[WORK ORDER]
Would you reproduce exactly the lines below from the one holding "Pamuklu, dantel işlemeli, V" through the one holding "Lansinoh Manual Breast", inclusive, and no others?

[MATERIAL SUPPLIED]
------------------------------------------------------------
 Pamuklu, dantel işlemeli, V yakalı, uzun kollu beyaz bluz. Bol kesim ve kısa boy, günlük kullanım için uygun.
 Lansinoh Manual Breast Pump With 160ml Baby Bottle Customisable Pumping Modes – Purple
------------------------------------------------------------
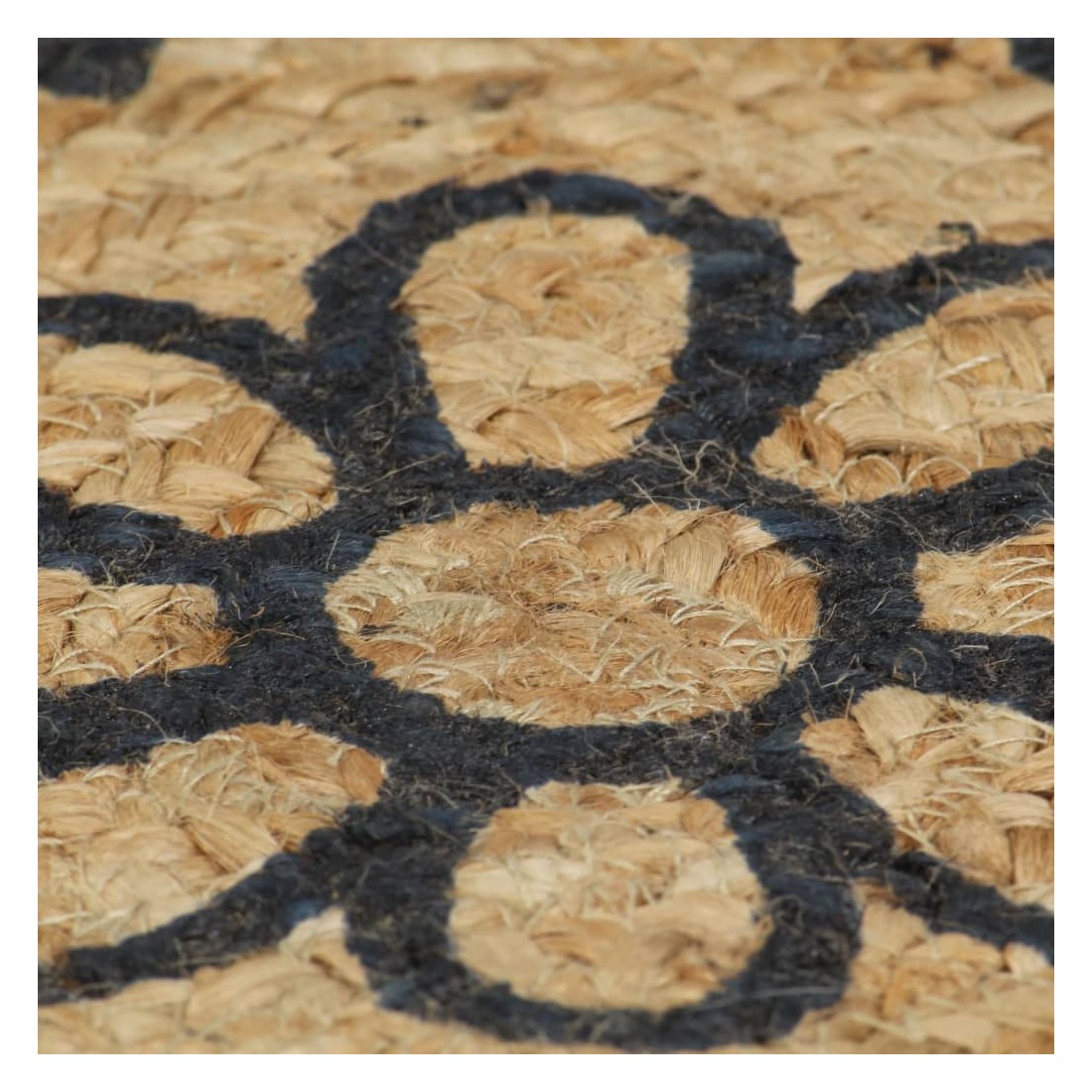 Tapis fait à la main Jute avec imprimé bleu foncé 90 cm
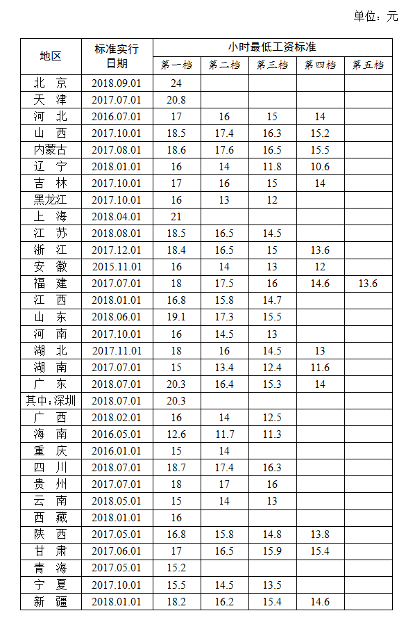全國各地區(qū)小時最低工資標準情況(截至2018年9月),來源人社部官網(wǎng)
------------------------------------------------------------
[RESPONSE BELOW]
 Pamuklu, dantel işlemeli, V yakalı, uzun kollu beyaz bluz. Bol kesim ve kısa boy, günlük kullanım için uygun.
 Lansinoh Manual Breast Pump With 160ml Baby Bottle Customisable Pumping Modes – Purple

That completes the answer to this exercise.